Poul Anderson, For Love And Glory (New York, 2003).
"As the judgment instant neared, you forgot your merely mortal quarrels." (Chapter XXV, p. 140)
Big problems chase out little problems. It is good to have big problems occasionally just to put the little ones in perspective. Sometimes, the bigger problems also can be transcended:
"They've forgotten their feud, Lissa thought. I have too. At least, it doesn't matter anymore. Probably it will again, when we are again among human beings. But today it's of no importance whatsoever." (Chapter XXVI, p. 143)

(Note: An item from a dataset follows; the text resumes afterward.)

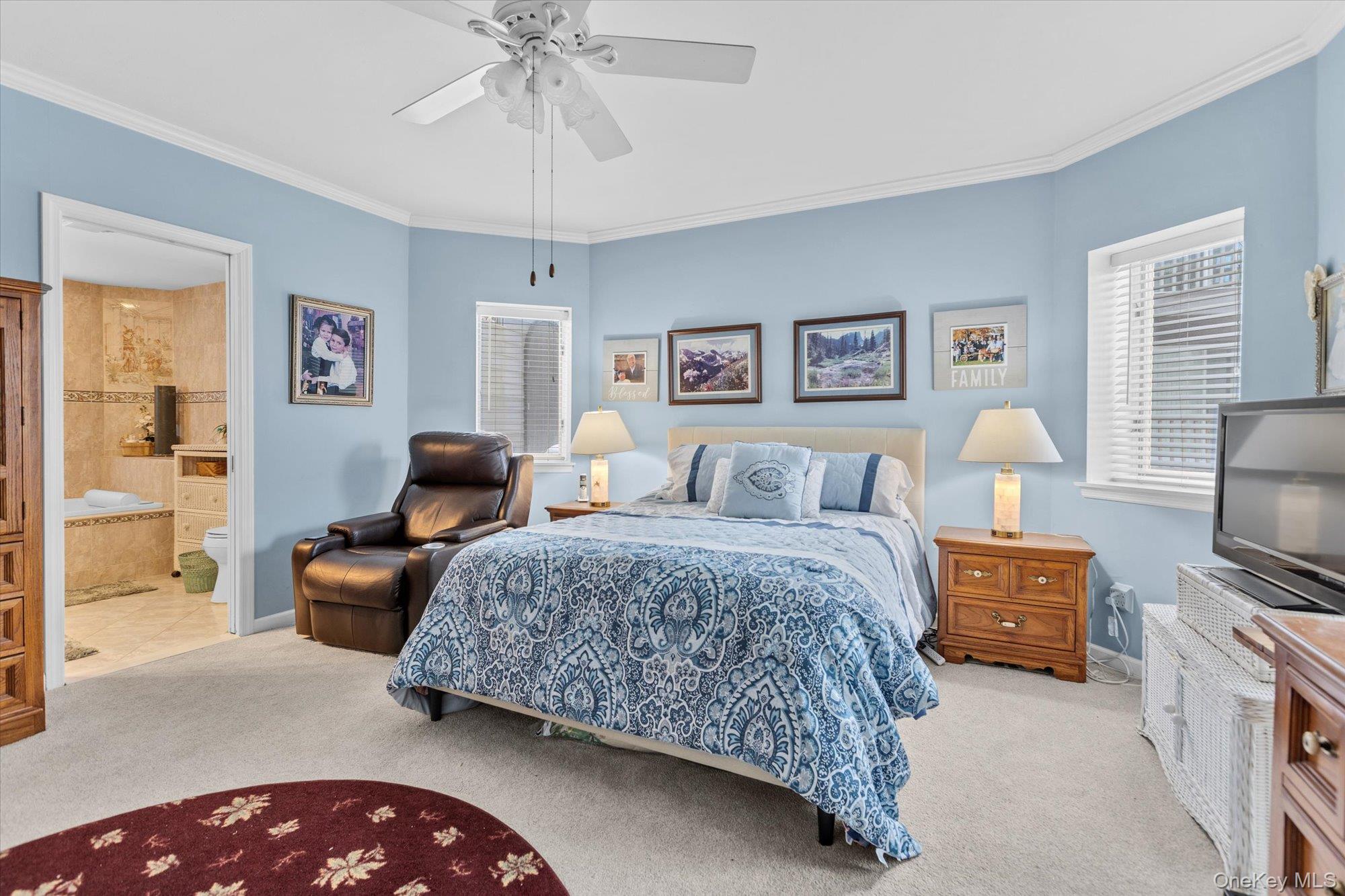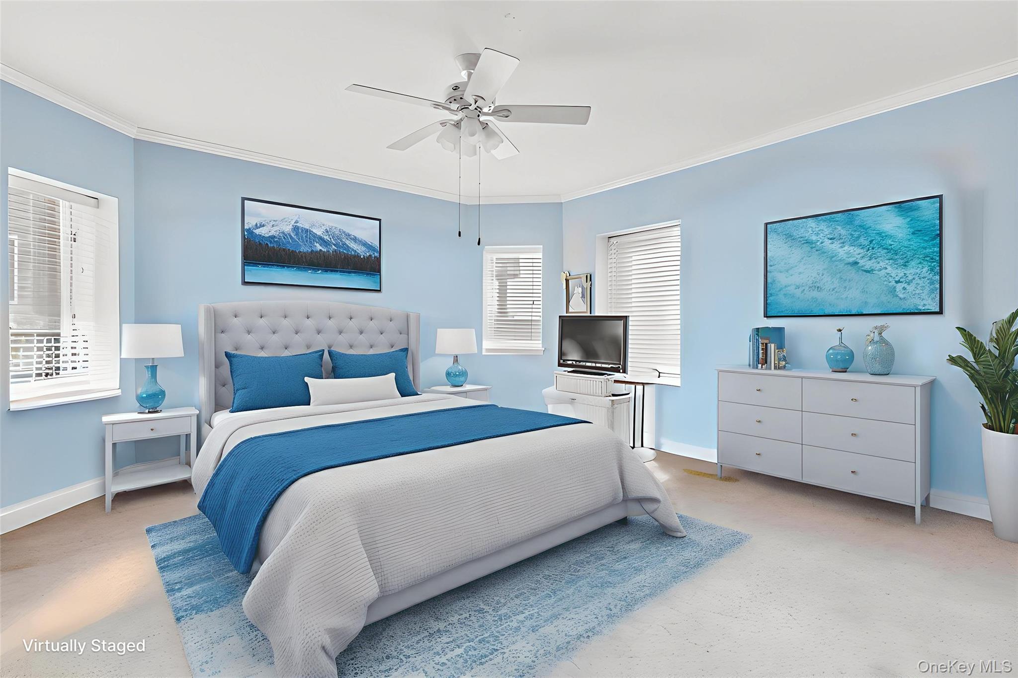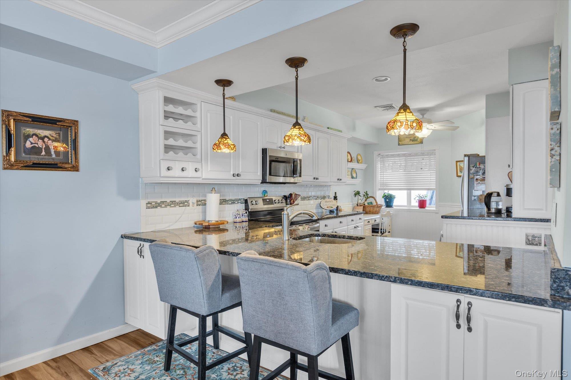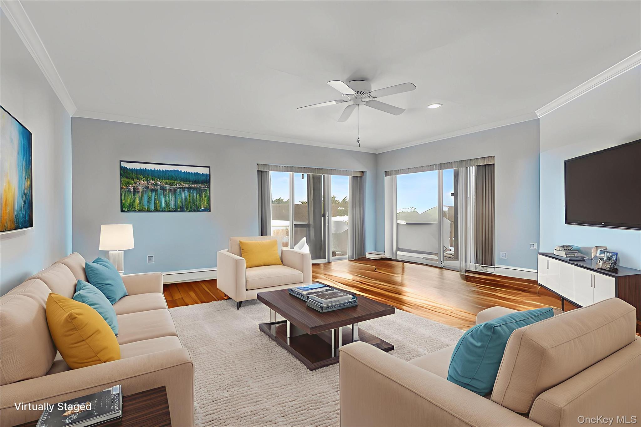 This rarely available end unit at the Bluffs in Baiting Hollow offers amazing views of the Long Island Sound. You will never get tired of watching the sun melt into the shimmering sound from your own home! The heated, enclosed sunroom with a wall of Anderson windows facing the water can be used as a den, home office, or 3rd sleeping area. The renovated kitchen is the perfect place to prepare gourmet meals. It features granite countertops, white, soft-close cabinets, an LG refrigerator, a Bosch dishwasher, a GE stove/ convection oven, a microwave, and Whirlpool washer and dryer. The sun-filled living room has an electric fireplace and opens to the spacious dining area making for easy entertaining. The sumptuous master suite offers huge walk-in closets and a spa-like master bath with heated floors. There is luxury vinyl flooring throughout the condo that looks like wood but is incredibly easy to care for. The wrap around deck can be accessed from the living room, sunroom, and primary suite. Amenities include a huge pool, 3 tennis courts, 4 pickleball courts, bocci, and pool house with fitness room. Owners at Fox Hill enjoy access to a secluded beach that you can comb for treasure. The community is adjacent to the world class Baiting Hollow Golf Club designed by Robert Trent Jones. Baiting Hollow is convenient to the best wineries, dining and shopping on the North Fork. All this and only 90 Minutes To NYC. Please note that this listing uses virtual staging to give buyers an idea of what the rooms might look like with different furniture.

Passages in hard sf novels can relate to here and now experiences. In zazen, just sitting meditation, we do not prevent thoughts from arising but instead practice not thinking about them. Thus, any memory, image or phrase might arise but the practice is to let each of them pass like a cloud in the sky. Once, something that was bothering me kept entering my mind as expected during half an hour of meditation. However, when I had finished meditating and stood up, I was instantly elated. It was exactly like being in a plane under dark storm clouds when the plane suddenly ascended vertically into a clear blue sky full of light. I knew then that the place above the clouds existed, that I would soon return back down beneath the clouds and that that did not matter.
3 comments:
Kaor, Paul!
Some of what you said here reminds me, if I recall correctly, of what I read in such Christian works of meditation as THE CLOUD OF UNKNOWING.
Sean
Sean,
There is clearly overlap between Christian and Indian mysticisms.
Paul.
Kaor, Paul!
I can see some overlapping in the methods used in Christian and Buddhist mysticism.